A Labour MP has threatened Google with a grilling over its tax avoidance before the Treasury Select Committee, although the search giant maintains its tiny tax payment in the UK is perfectly legal.
“I think it would be highly appropriate to pull a Google executive in front of the Committee to justify their failure to pay proper taxes,” said John Mann, MP for Bassetlaw, after it emerged last week that in the UK the Google tax bill was only £6 million on revenues of £395 million in this country.
Senior Google executives could be called in before Easter, Mann told The Independent, describing Google’s British tax arrangements as “entirely immoral”, even though Google maintains it uses a completely legal mechanism to reduce its tax liability in this country.
The Google tax avoidance tactic is to operate its UK business as an agent for its business in Ireland, so it is only liable for UK tax on a ten percent commission on its revenue.
From Ireland, Google revenues are funnelled to Bermuda as a licensing fee to its division there, so most of its turnover goes through the tax haven, a legal process to which Mann objects. Because Bermuda is a British dependency, which Britain provides with defence, British tax payers are in effect “paying twice because we are paying for Bermuda,” he said.
Mr Mann was not available to expand on his views, but Google chairman Eric Schmidt has previously said his hands are tied, as the scheme is legal.

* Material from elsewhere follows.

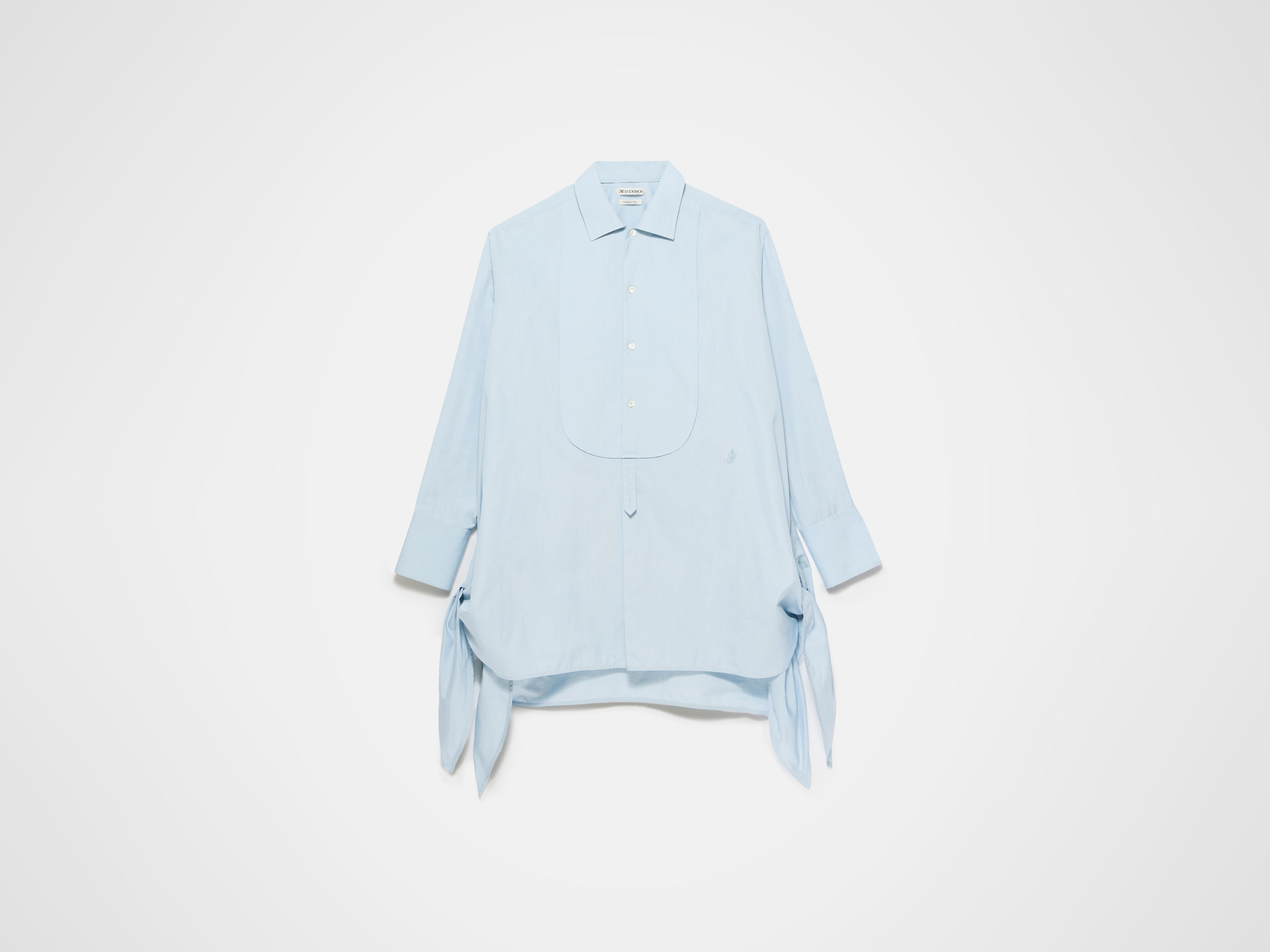 Knotted detail shirt dress in the finest powder blue Sea Island cotton and silk poplin. Features a soft feminine collar and self-fabric bib detail, finished with tonal anchor embroidery, loafer stitch on the cuff placket, and mother-of-pearl buttons. Details - Colour: Powder Blue - Composition [Main]: 89% Cotton, 11% Silk - Made in: Italy - Model [Wears]: Size 8, 180cm Tall - SKU: DR0500PG1894805

Google is bound to seek out the best deal, and to pay more tax voluntarily would most likely not be approved by Google shareholders.

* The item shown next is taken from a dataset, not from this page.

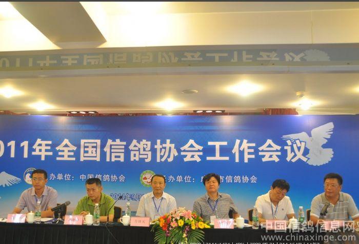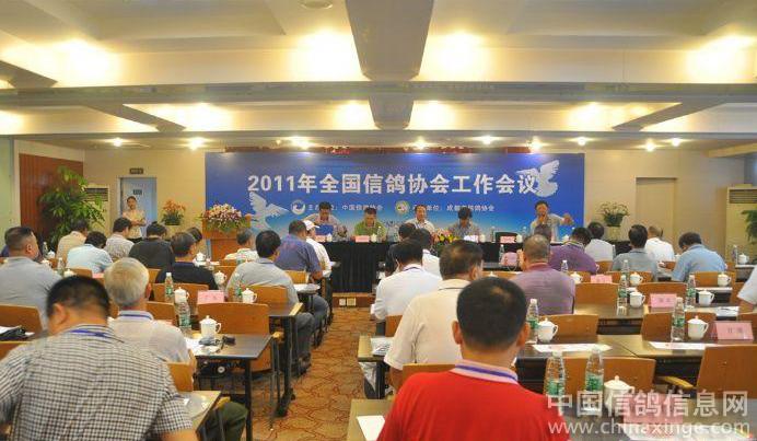 2011年全国信鸽协会工作会议9月1日至2日在四川成都市召开。本次会议由成都市信鸽协会承办。各省、市、自治区、行业鸽协及部分合作单位与媒体等共70多人参加会议。国家体育总局社体中心副主任、中国信鸽协会副主席张怡,四川省体育局副局长、中国信鸽协会副主席方沛元,国家体育总局社体中心业务三部主任、中国信鸽协会副主席尹国臣,国家体育总局社体中心业务三部副主任、中国信鸽协会秘书长杨树刚,成都市体育局副局长冯晓钟,成都市信鸽协会主席辜建明等出席会议并在主席台就座。大会由尹国臣主持。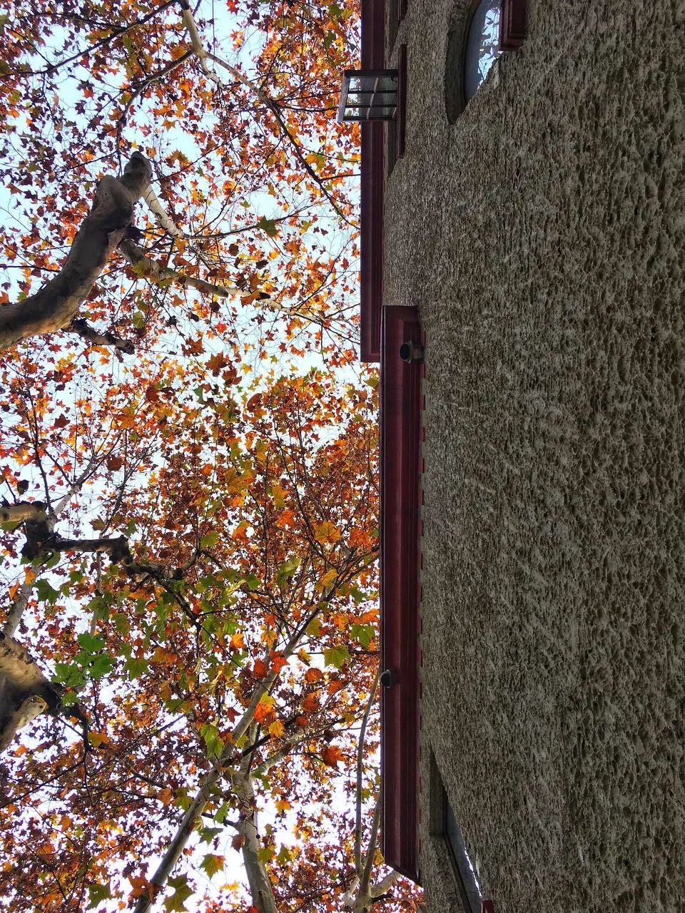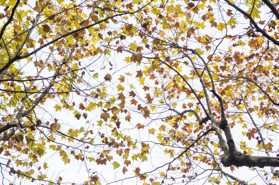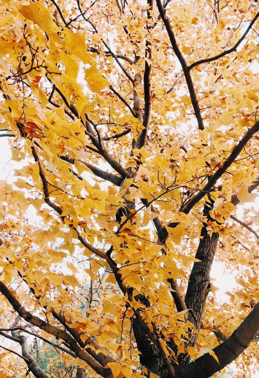不同的两棵树,迈着步伐的速度也不同。一棵已经浅黄了,一棵却还是褐色,真的成了一盘调色盘。工作日的清晨,人声低语,看那边的老人打着太极,看这边的孩子捡着落叶。平凡又美好。

Meanwhile, Internet retail giant Amazon faces an investigation by HM Revenue and Customs after paying no corporation tax on its £3.3 billion UK sales in 2011.
HMRC, which has been using web robots to find tax cheats, recently launched an app to help people understand their taxes and where their money is spent, but it crashed just one day after its launch.
“We comply with all the tax rules in the UK,” a Google spokesperson told TechWeekEurope. “We make a big contribution to the UK economy by employing over a thousand people, helping hundreds of thousands of businesses to grow online and investing millions supporting new tech businesses in East London.”
An online petition protesting Google’s tax avoidance has reached 45000 signatures out of a target of 50,000.